Investment in these securities is not done through the normal route i.e. through the open market. Investors can pick up unlisted stocks by purchasing a stake in upcoming and potentially pathbreaking startups, by purchasing promoter shares through a private placement, or through ESOPs. These companies have the backing of strong financials and unique market positions that prompt the investors to be part of their growth and earn maximum profitability along the way.
Investing in unlisted securities is an opportunity for investors to be part of the pre-IPO success and also make maximum returns from their investment. The key points to be considered while investing in unlisted securities are highlighted below.
Investors should ideally aim for companies that have a futuristic business model and is at a very budding stage. These are often concept-driven or product-driven companies that are set to have great growth potential in the near future. Companies like OYO, OLA, Navi, Swiggy, etc are considered to be companies with a good business model as well as a futuristic assessment of consumer behavior. Such sectors and companies are considered to be good investment opportunities that should be taken at the right chance.
For investment in any company, focusing on its business model and the industry that the company belongs to is primary. Investors should therefore check for the latest developments in the sector and the position of the company in the market. This will also help in understanding the growth trajectory of the business as well as that of its closest competition.
Investment in listed or unlisted securities warrants a thorough review of the company’s past performance. The company needs to have sound revenue sources and free cash flows to ascertain if investment in the company can be a profitable option. It is also important to evaluate the debt levels of the company at this stage and ascertain if they are not detrimental to the interests of the company. The growth potential of these companies is quite high and has the ability to provide exponential returns to investors.
It is presumed that only shares that are listed on the stock exchange are liquid. However, unlisted securities are also liquid if the demand for the stock is high. Therefore, it is important to invest in companies that may not be listed but have created a huge buzz and have been in demand from many investors. This will assure the potential investors have a good chance of turning their investment profitable.

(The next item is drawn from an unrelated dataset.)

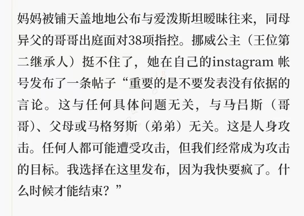 上梁不正下梁歪。挪威王储妃的女儿公开支持她的母亲跟他的同母异父哥哥。 看来遗传基因真的很重要。 这是她在社交账号发的帖。她的母亲劣迹斑斑,她的哥哥犯了无数罪行,而她是挪威未来女王。就算她的母亲被离婚,她的王位继承也不会改变。 挪威能接受这种三观不正的女王吗?这种三观不正的女王,可以当吉祥物,代表国家吗?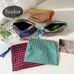 コスメポーチ 化粧ポーチ フラットポーチ 小物入れ 収納グッズ 整理用品 大きめ チャック ファスナー 軽量 総柄 チェック ハンドメイド風 カジュア

The management team of the company is the driver that ensures the company is profitable. However, if the management team is not efficient, they can turn a profitable company to dust too. Therefore, analysing the management team is crucial and it involves ascertaining their qualifications and capabilities as well as the companies that they have been part of.

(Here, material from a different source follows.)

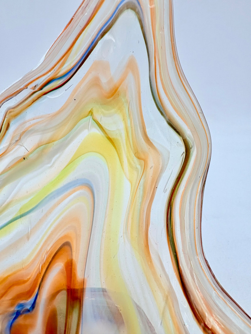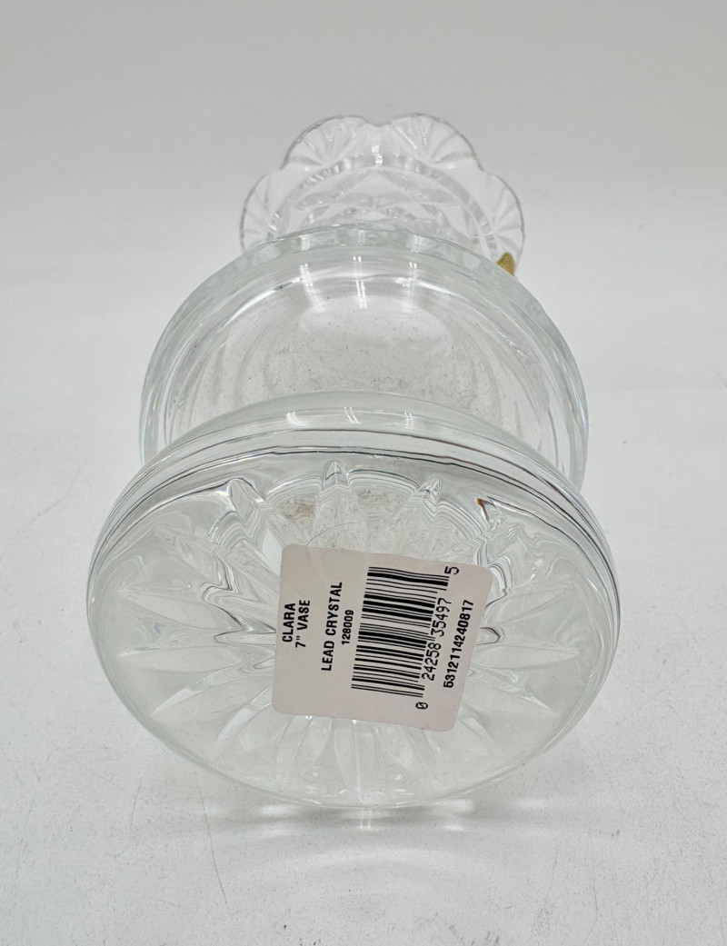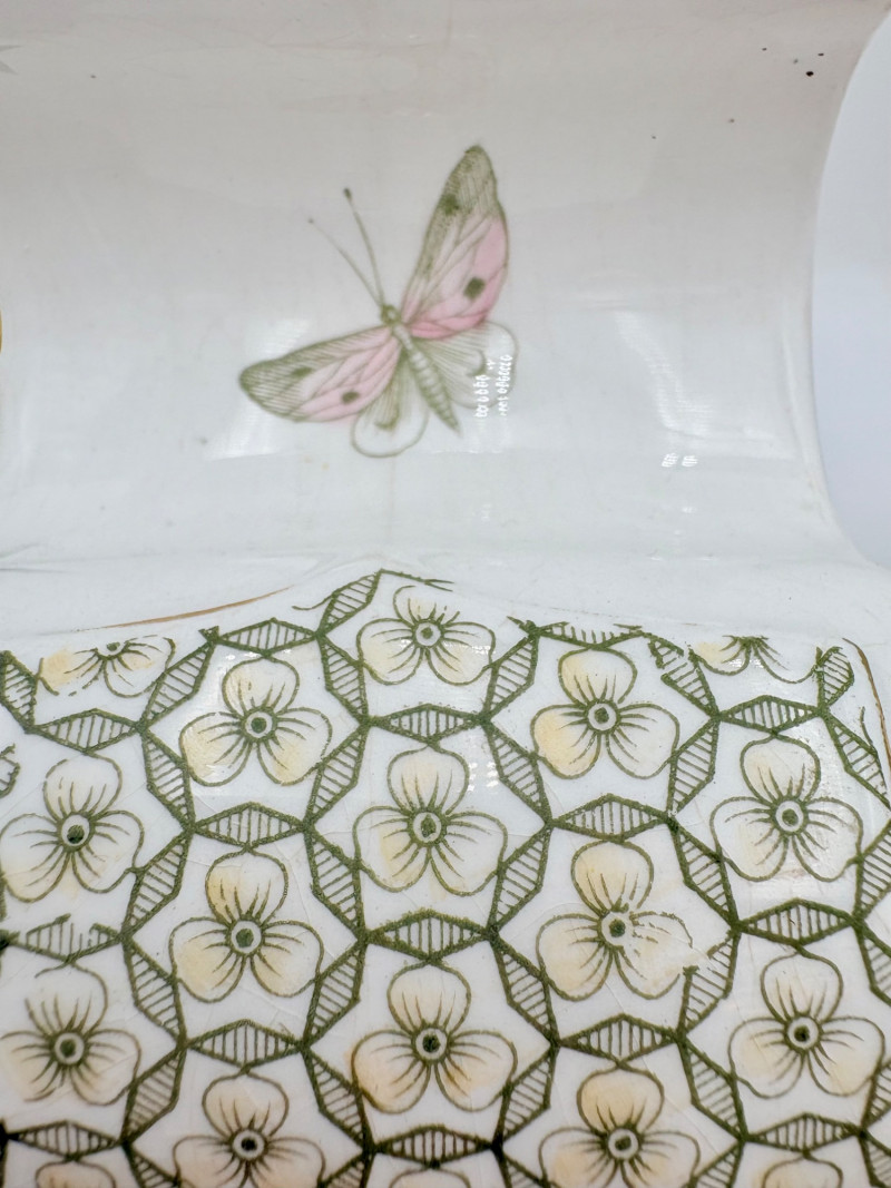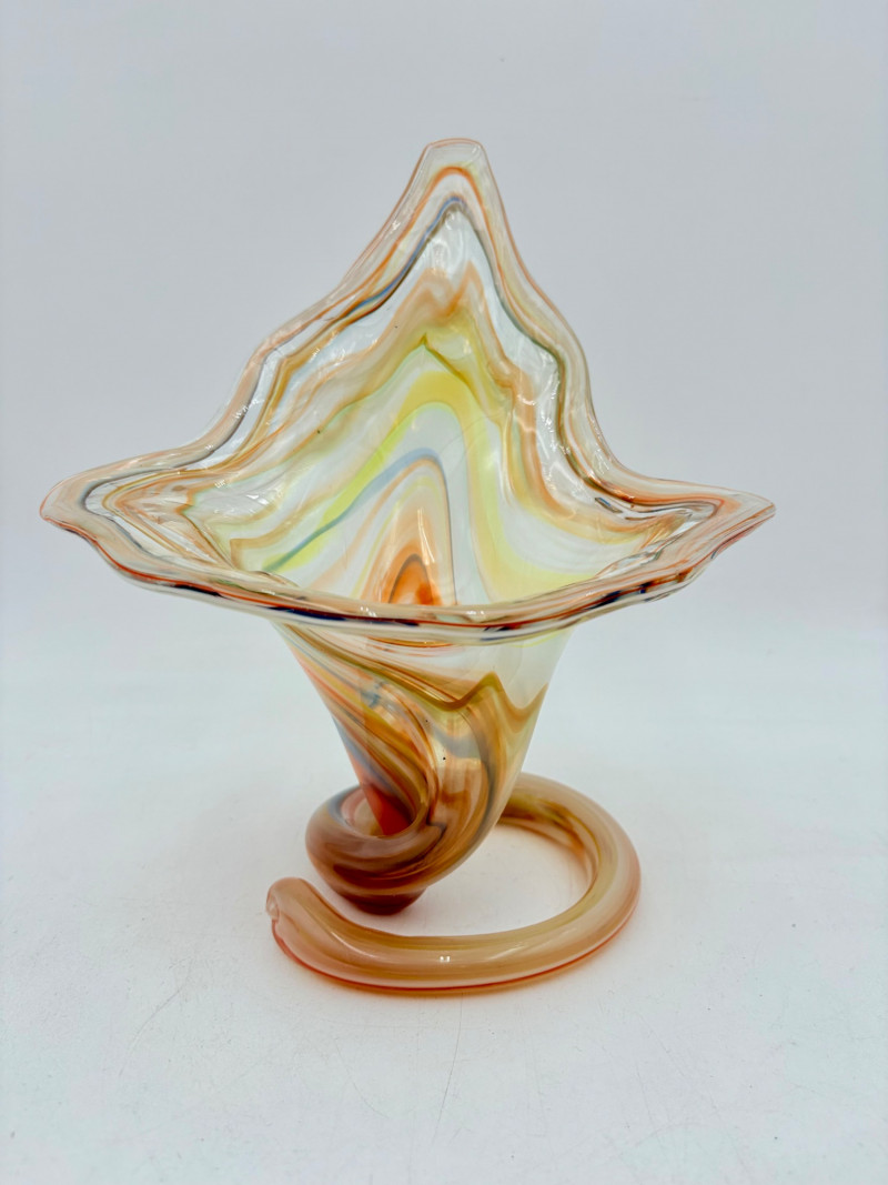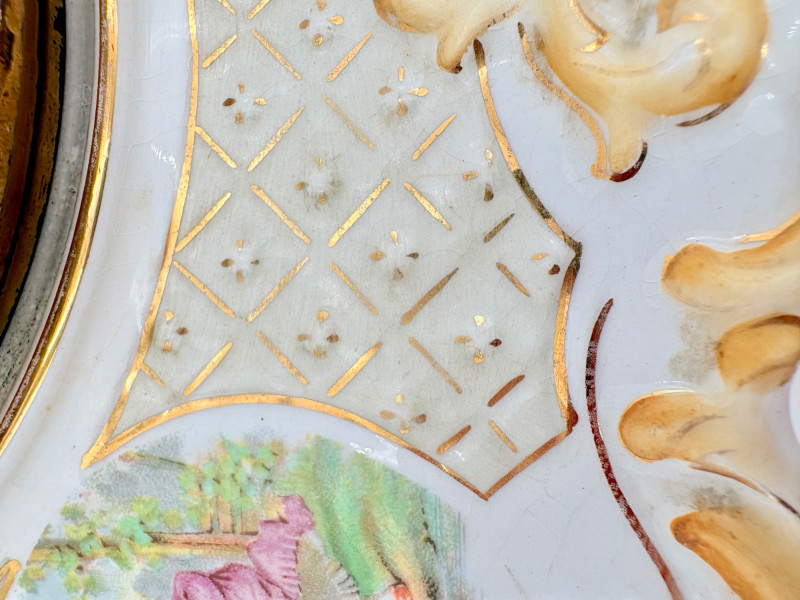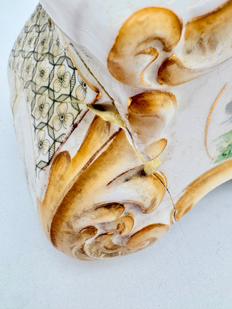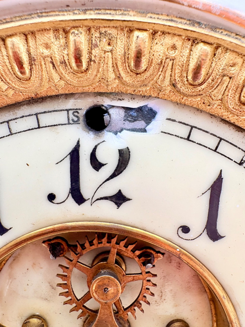 Two vintage glass display vases and an antique clock! - Classic lead crystal vase from Waterford is in the Clara design. We know this is an older piece as it made in Ireland and most of their production moved offshore in the past decades. Measures 7" H. - Striped free-form vase with a swirled base is blown glass, but has no maker mark. However, we think it is an art piece given the depressions where the artist would hold the pieces to stretch the glass points. Measures 9" H. - To be honest, we debated about including this antique clock, but finally couldn't resist. It is a wonderful piece but has a couple of major flaws we want to draw your attention to. We don't think they really interfere with the enjoyment of the design, but you can judge for yourself. The exterior of the clock is porcelain and looks very German/French in origin - extremely close in design to Dresden clocks. It has Ansonia clockworks (see close up of clock face), but the only mark we can find on the exterior of the clock is on the base where is says "HG Bates". The design is lovely with intricate interlocking floral patterns on the sides and great gold highlighting around the cherubs and lovers on the front. The curly edges and delicate butterflies make it a wonderful feast for the eyes and the metal finishing around the face/glass cover are really pretty! Measures 12" H x 14" W x4.5" D. Please be advised that while it will look nice on a shelf, be aware of the following as shown in the last 3 photos: there has been a poorly done repair to a break on the lower left base, the back inner workings door is missing, and the clockface near the numeric 12 has been damaged. The clock has not been tested as we didn't have a key, so you may need to check the inner workings, too.

The risk of investing in an unlisted company is the highest. There is a high chance of the investment not yielding desired returns or the risk becoming quite higher than estimated. These parameters have to be evaluated before taking a plunge into the company by taking the help of professional analysts that have the necessary tools to understand every aspect of the company and read between the lines for information that is not public.
Risks are part of any investment option, however, when it comes to unlisted securities, the risk is tenfold. The prime risks while investing in unlisted securities are mentioned below.

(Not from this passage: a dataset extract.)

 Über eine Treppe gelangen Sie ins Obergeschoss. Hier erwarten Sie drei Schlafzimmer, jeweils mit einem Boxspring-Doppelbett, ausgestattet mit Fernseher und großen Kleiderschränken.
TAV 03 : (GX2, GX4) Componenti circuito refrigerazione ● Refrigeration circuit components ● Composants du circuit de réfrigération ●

Most investors invest in pre-IPO companies with the hope to make huge profits. However, if the company does not get listed or the process gets delayed, investors do not get their returns in due time. The lack of enough liquidity is therefore one of the biggest risks faced by investors when dealing with unlisted securities.
One of the many benefits of investing in listed companies is the abundance of data that is public information. This data helps in the effective assessment of the company and its financials to determine if investing decision is optimal. Unlisted securities do not have this benefit and therefore, investors may fall prey to risks of undisclosed information. The promoters and large stakeholders are not obliged to provide the business plan or other financial data to small investors. Therefore, there is a high possibility of the loss of interest of minority shareholders.
The valuation of any company is based on its financials and it is quite possible that the valuation of an unlisted company can be incorrect or misleading to attract investors. Therefore, to have the correct valuation of an unlisted company and thereby its shares often becomes a challenge for potential investors. An investment based on incorrect valuation will not provide desired returns and thereby not serve the ultimate purpose of investing in unlisted securities. Hence, determining the right valuation for the unlisted company may require many rounds of negotiations between the promoters and the potential investors.
Investment in unlisted securities can be a good diversifying option for investors who already are invested in listed stocks, mutual funds, etc. These investment options may be riskier upfront but the return potential that they have outweighs these risks. However, in a bid to gain better returns, investment in unlisted securities should not be outside the overall portfolio risk.
An unlisted security held for a period of more than 2 years is classified as a long-term asset and gains from the same are taxed at the flare rate of 20% after indexation. Short-term gains, on the other hand, are taxed as per the applicable tax slabs for the individual.
An investor can ensure the liquidity of their asset by investing in unlisted securities of a company that is quite popular, has strong financials, and is seeing good demand for its shares from other potential investors too.
In theory, like any other valuable asset, unlisted securities can also be used as collateral against loans. However, the lender will have the financial say if such unlisted securities are enough collateral against the proposed loan or if they can be accepted.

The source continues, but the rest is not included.